GAE

Magic Properties on Google AppEngine

Update to my previous Google AppEngine auto-updating properties post.

In my last post I was talking about "[...] however there is still an issue, for now the MagicProperty is only updated the first time the property it affects is set"

I fixed that issue, it has a local cache that is added to the model, so if the value does change, the cache would no longer be valid and the value is recreated, otherwise the already computed value is returned. There was however another issue I had to deal with, and that was the fact that the cache was not being written to the datastore, this meant that upon getting the data back from the datastore we recomputed it anyway. Now the programmer has to do some extra work, they have to add a cache unindexed property to the model, and pass it into the MagicProperty to be used as the caching variable. Within the save() they have to prime the cache by setting a temporary variable equal to the to be computed variable just in case the cache variables have not been primed, this has not yet been documented other than in my SVN history.

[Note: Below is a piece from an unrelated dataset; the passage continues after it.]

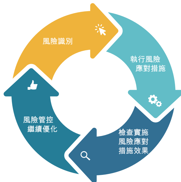
圖二：風險評估管控模式

本年度，本集團管理層通過對上年度風險評估中識別的管控提升點的落地情況進行跟進，形成持續的「風險識別 — 風險管控落地 — 檢查跟蹤 — 持續優化」的循環管控模式，確保重大風險管理薄弱點得到有效改善，以持續提升本集團的風險防範與應對能力(詳見以下圖二：風險評估管控模式)。

We still don't allow setting of the magic property, however upon returning from the datastore it calls make_value_from_datastore, which returns a _MagicDatastore, as long as we set with an instance of _MagicDatastore it will allow it to go through, so we can get the value from the datastore without having to recompute the value.

Read the code for an example on how to use this.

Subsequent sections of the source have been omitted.